**Aim of the task**
If pictures appear among the lines below, leave them out while you return exactly the lines from the one with "JotMe stands out" through the one with "- Lov Black".

**Records for the exercise**
····················

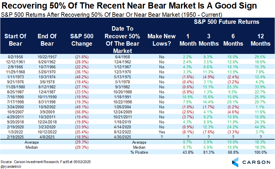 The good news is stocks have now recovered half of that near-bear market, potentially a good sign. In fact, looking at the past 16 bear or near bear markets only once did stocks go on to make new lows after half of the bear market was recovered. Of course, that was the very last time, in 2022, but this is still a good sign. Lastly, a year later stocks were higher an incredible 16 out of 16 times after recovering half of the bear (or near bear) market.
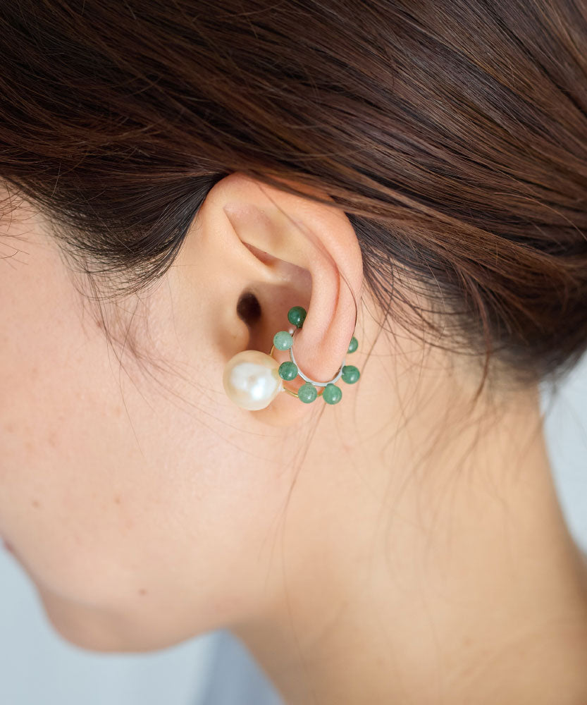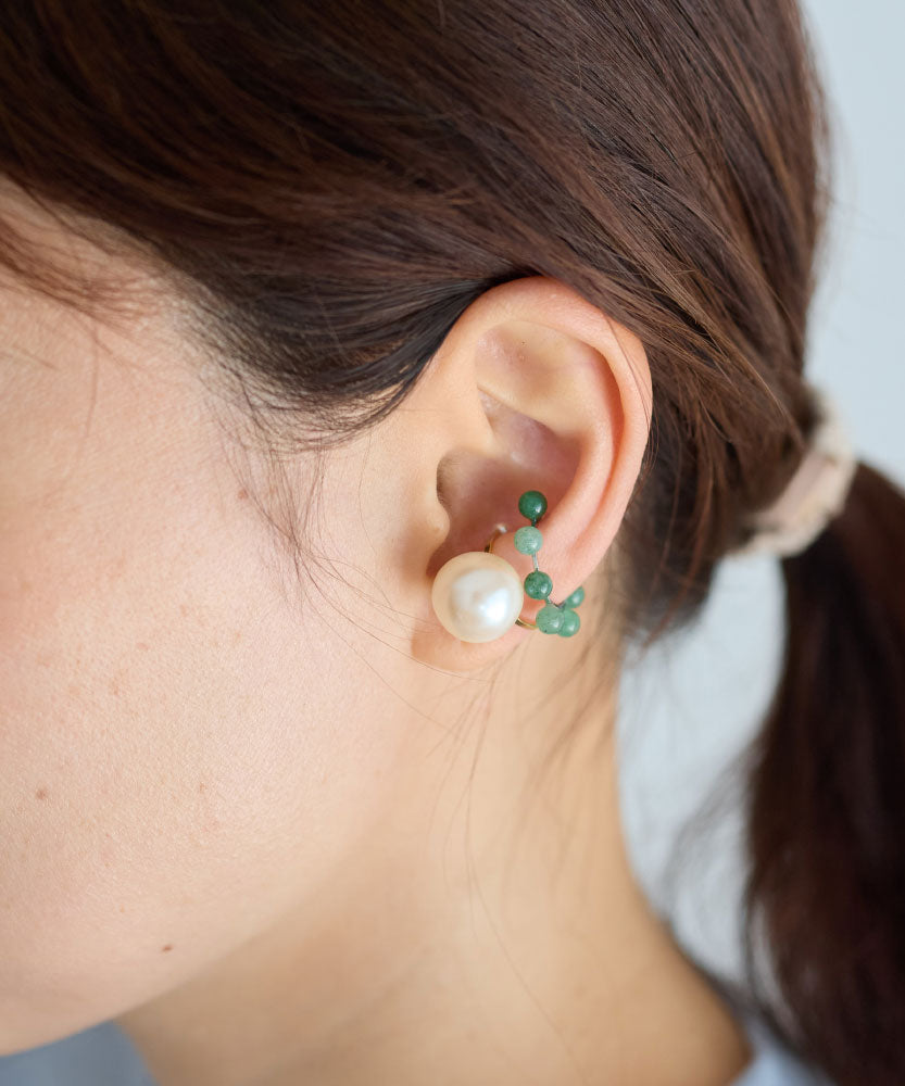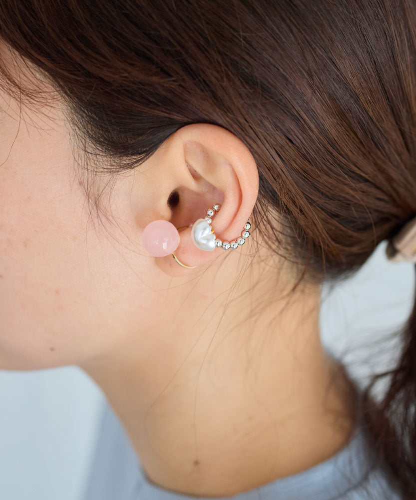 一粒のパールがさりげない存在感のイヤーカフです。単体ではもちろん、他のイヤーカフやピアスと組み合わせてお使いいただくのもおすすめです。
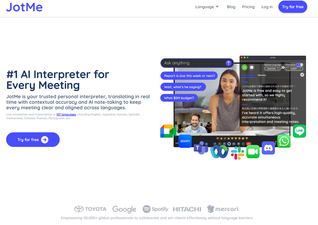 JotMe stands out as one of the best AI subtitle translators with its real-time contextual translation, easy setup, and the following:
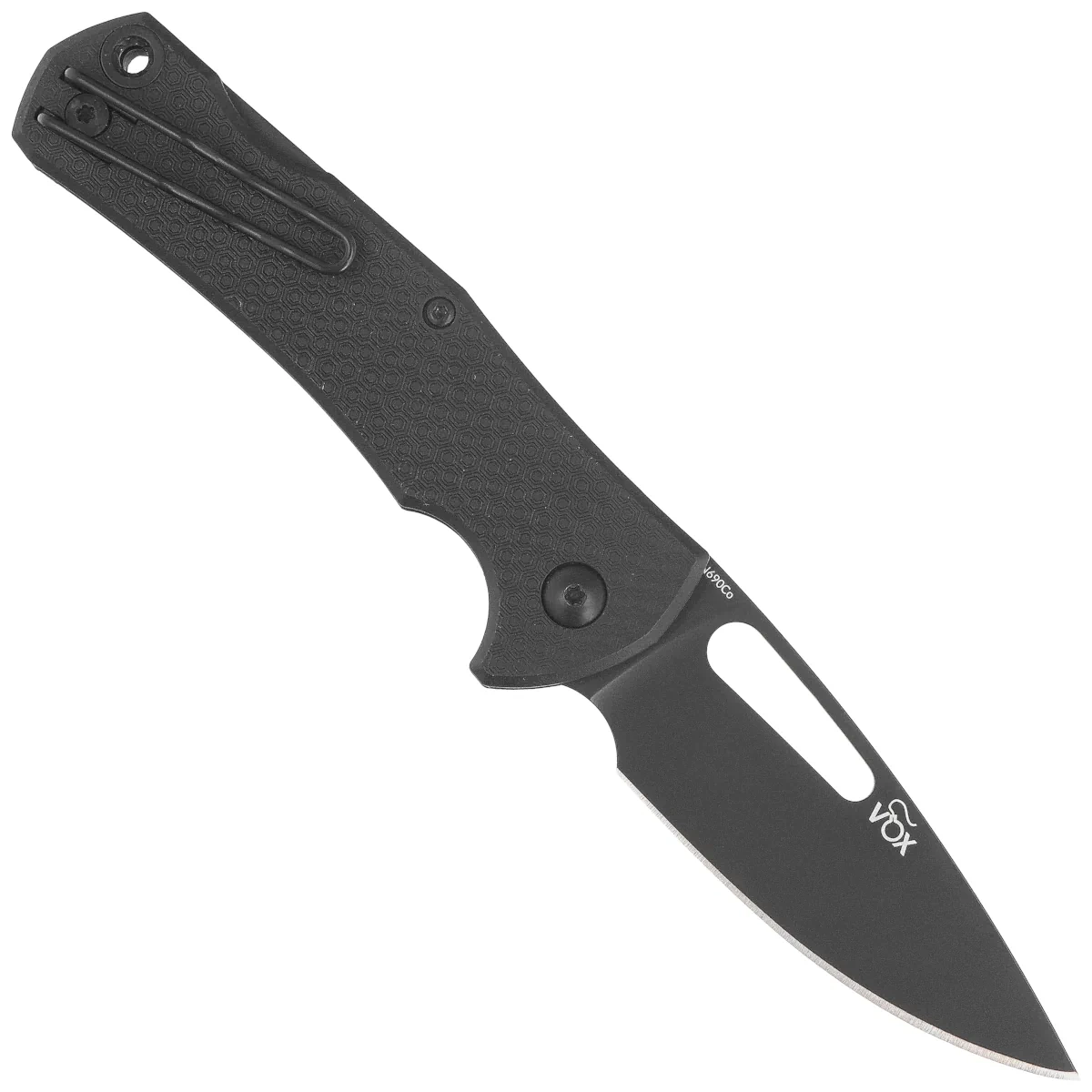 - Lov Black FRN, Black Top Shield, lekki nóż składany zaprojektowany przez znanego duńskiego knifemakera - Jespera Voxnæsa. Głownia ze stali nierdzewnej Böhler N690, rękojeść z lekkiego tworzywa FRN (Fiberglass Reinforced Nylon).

····················

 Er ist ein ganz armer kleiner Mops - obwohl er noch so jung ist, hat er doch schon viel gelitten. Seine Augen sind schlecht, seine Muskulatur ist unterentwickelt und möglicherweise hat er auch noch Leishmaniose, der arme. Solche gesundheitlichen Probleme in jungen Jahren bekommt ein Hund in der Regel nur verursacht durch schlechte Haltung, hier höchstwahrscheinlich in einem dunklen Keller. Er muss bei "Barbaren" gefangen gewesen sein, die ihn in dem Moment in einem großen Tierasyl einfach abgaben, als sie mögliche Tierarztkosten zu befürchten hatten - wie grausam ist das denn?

····················

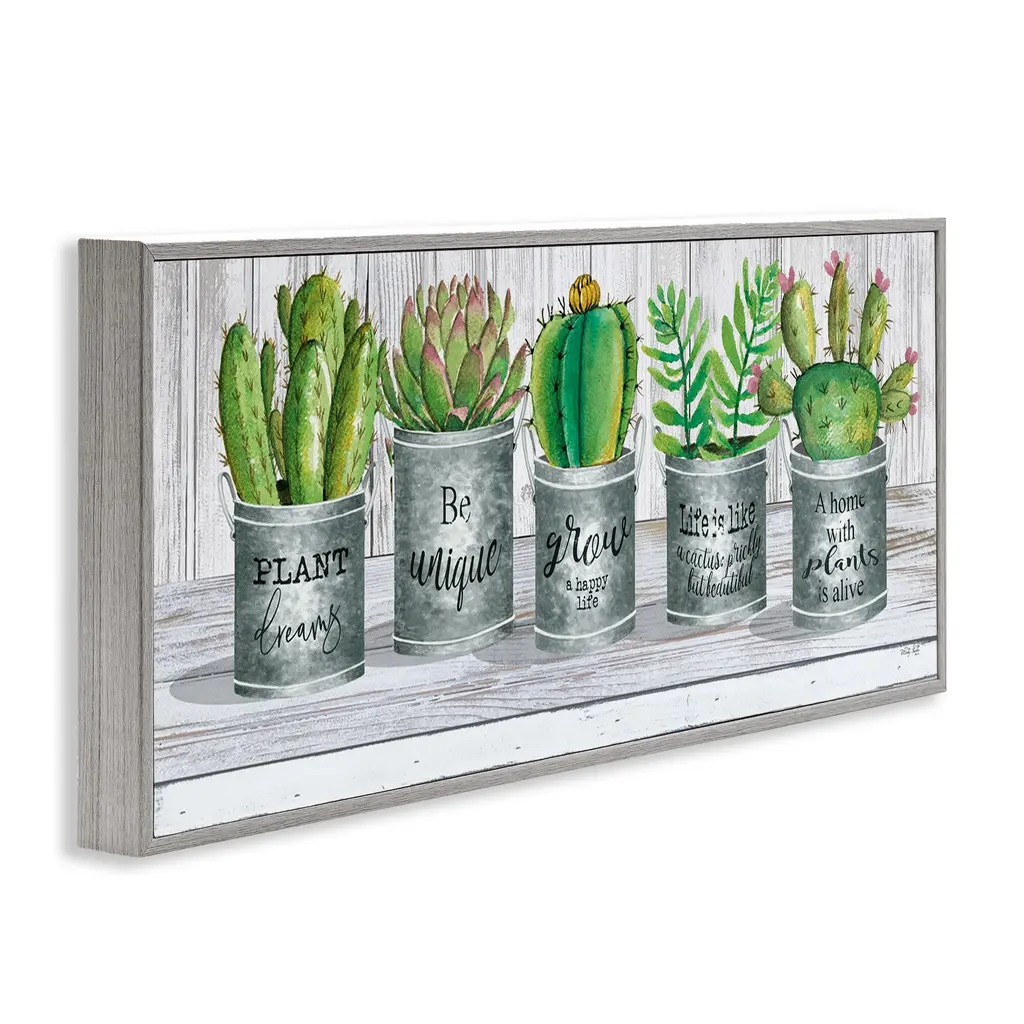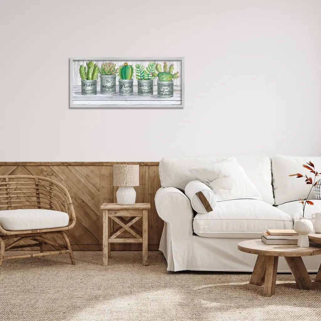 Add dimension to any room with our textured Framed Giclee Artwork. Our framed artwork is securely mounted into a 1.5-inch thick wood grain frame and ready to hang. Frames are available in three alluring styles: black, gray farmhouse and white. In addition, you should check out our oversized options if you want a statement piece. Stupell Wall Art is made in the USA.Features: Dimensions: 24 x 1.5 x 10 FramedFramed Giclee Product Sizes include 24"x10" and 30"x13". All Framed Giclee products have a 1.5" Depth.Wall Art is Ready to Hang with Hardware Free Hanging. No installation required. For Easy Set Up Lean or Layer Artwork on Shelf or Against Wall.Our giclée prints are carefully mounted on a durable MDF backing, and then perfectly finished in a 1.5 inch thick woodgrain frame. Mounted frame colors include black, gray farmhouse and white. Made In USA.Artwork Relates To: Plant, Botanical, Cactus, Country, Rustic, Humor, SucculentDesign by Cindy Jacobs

····················

**Answer to this task**
 JotMe stands out as one of the best AI subtitle translators with its real-time contextual translation, easy setup, and the following:
 - Lov Black FRN, Black Top Shield, lekki nóż składany zaprojektowany przez znanego duńskiego knifemakera - Jespera Voxnæsa. Głownia ze stali nierdzewnej Böhler N690, rękojeść z lekkiego tworzywa FRN (Fiberglass Reinforced Nylon).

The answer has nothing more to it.